Gift Atulewa

Personal information
- Date of birth: 1 April 1986
- Place of birth: Nigeria
- Date of death: 12 November 2024 (aged 38)
- Height: 1.83 m (6 ft 0 in)
- Position: Forward

Senior career*
- Years: Team / Apps / (Gls)
- 2004–2006: Bayelsa United
- 2006–2007: Ocean Boys
- 2008–2016: Warri Wolves

International career
- 2005: Nigeria U20 / 3 / (0)

= Gift Atulewa =

Nigerian footballer (1986–2024)

Gift Atulewa (1 April 1986 – 12 November 2024) was a Nigerian footballer who played as a forward for Bayelsa United, Ocean Boys, and Warri Wolves.

== Club career ==
Atulewa began his career with Bayelsa United before moving in 2006 to Ocean Boys. After one season, he moved in July 2008 to Warri Wolves.

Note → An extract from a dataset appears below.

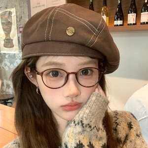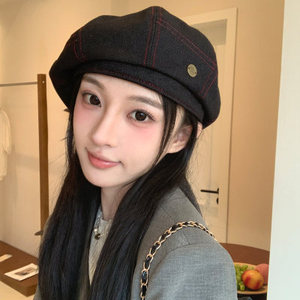 韩版百搭金属标牛仔贝雷帽女春秋复古氛围感画家帽显脸小八角帽子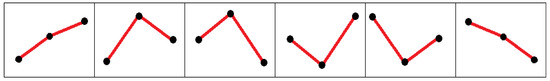 All possible patterns for embedded dimension , from a three-point sequence . The patterns represented, from left to right, are , , , , , and . The difference in amplitude between data points does not affect the pattern, as long as the order is preserved.

== International career ==
Atulewa was a member of the Nigeria U20 national team that took part in the 2005 FIFA World Youth Championship in Netherlands in which it was eliminated in the final by Argentina.

== Death ==
Atulewa died on 12 November 2024, at the age of 38, after suffering from hypertension. His wife died after an illness a month prior.